Baudelaire y la urgencia de lo feo

“Las moscas bordoneaban sobre ese vientre podrido, del que salían negros batallones de larvas, que corrían cual un espeso líquido a lo largo de aquellos vivientes harapos…”

De vez en cuando, la literatura incluye dentro de sus filas autores cuya propuesta fractura el canon existente resignificando el concepto de lo que, aun hoy, asociamos con lo bello. Es el caso de Charles Baudelaire, poeta maldito de la segunda mitad del siglo XIX quien, definido como un aficionado a la decadencia de la condición humana, propuso y plasmó en sus obras un profundo replanteamiento de la estética de la poesía: el descubrimiento de la belleza en lo no bello.

Con la publicación de su obra Las flores del mal (1857), Baudelaire irrumpe con una poética provocadora e inquietante, desmarcada de todo parámetro epocal en la que se desliza una propuesta transformadora en relación a la mirada estética tradicional acerca del mundo. En el marco de esta obra y como materialización de lo anterior, el poema Una carroña entrega al lector la posibilidad de comprender que es viable fusionar elementos de la lírica tradicional con temáticas que desafían el paradigma estético-poético instalado por la tradición. Mediante el uso de tópicos familiares a un lector de poesía tradicional, el autor logra hacernos entrar en un doble juego de imágenes que contrastan de modo abrupto y progresivo entre sí, manteniendo al receptor en una permanente oscilación entre lo bello y lo feo.

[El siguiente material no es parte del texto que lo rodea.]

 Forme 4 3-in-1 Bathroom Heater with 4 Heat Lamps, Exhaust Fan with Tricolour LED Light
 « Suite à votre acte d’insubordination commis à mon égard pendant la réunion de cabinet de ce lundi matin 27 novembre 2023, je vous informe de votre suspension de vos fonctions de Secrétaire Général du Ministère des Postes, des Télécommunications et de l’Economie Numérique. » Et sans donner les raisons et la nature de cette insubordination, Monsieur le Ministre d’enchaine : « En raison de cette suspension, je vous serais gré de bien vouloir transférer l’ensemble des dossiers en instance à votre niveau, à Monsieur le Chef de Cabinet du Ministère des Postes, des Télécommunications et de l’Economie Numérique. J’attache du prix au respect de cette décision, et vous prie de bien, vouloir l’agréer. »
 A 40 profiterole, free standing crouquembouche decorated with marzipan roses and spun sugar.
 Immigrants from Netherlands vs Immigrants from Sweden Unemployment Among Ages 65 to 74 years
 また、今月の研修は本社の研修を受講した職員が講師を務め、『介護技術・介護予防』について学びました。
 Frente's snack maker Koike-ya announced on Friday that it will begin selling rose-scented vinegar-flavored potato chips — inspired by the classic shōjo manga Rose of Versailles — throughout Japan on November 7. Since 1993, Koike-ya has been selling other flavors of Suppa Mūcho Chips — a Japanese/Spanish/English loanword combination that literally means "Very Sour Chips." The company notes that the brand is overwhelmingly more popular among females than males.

El sentido de los versos que conforman este poema, es susceptible  de ser construido sólo comprendiendo que, lo que Baudelaire intenciona al exaltar lo feo, es la búsqueda urgente  de una reflexión del lector acerca de la fragilidad de su propia existencia y que, por ende, la selección de términos y  la construcción de imágenes del mundo lírico mediante estos, no es más que un recurso para conducirnos hacia un estremecimiento en función de lo leído lo que generará en nosotros la necesidad de comprender esa imagen y apropiarnos del sentido estético que dicha construcción persigue despertar.

Por otro lado, en la medida de que la obra va desplegando su sentido por construir mediante el uso de palabras que se vuelven cada vez más cruentas en cuanto al grado de precisión descriptiva, es posible conectarse con la idea de que el autor, indefectiblemente, busca relevar la noción de lo feo por sobre la de lo bello.

Esta intención responde sin duda, a un aspecto medular de la lírica de Baudelaire, quien declara a través de su obra (y también de su propia vida) un deseo de evidenciar un sentido de no adherencia a los valores que la sociedad burguesa de su época promueve. Existe entonces en este poema, un claro propósito contracultural que sustenta su disenso en la apropiación por parte de la literatura del concepto de lo feo, para exponerlo al mundo como un componente más de la existencia humana.

De este modo, las imágenes descritas no deben ser entendidas desde una mirada pragmática ni cientificista, sino más bien como un objeto estético a partir del cual el autor representa la transitoriedad de la vida invitando con ello al lector a hacerse consciente de su propia naturaleza. No obstante lo anterior, y habiendo transcurrido más de 150 años desde la publicación de esta obra,  muchos siguen  detenidos  en analizar el hecho de que Baudelaire haya escogido “estos temas” y “este lenguaje” para dar forma a su creación pues, desde la posición puramente observante (y escasamente contemplativa) desde que la mayoría de los seres humanos “valoran” el arte, el foco de atención sigue centrado en el objeto artístico y no en la forma en que éste es representado lo que explica que propuestas poéticas como la de Baudelaire continúen siendo materia de discusión y controversia.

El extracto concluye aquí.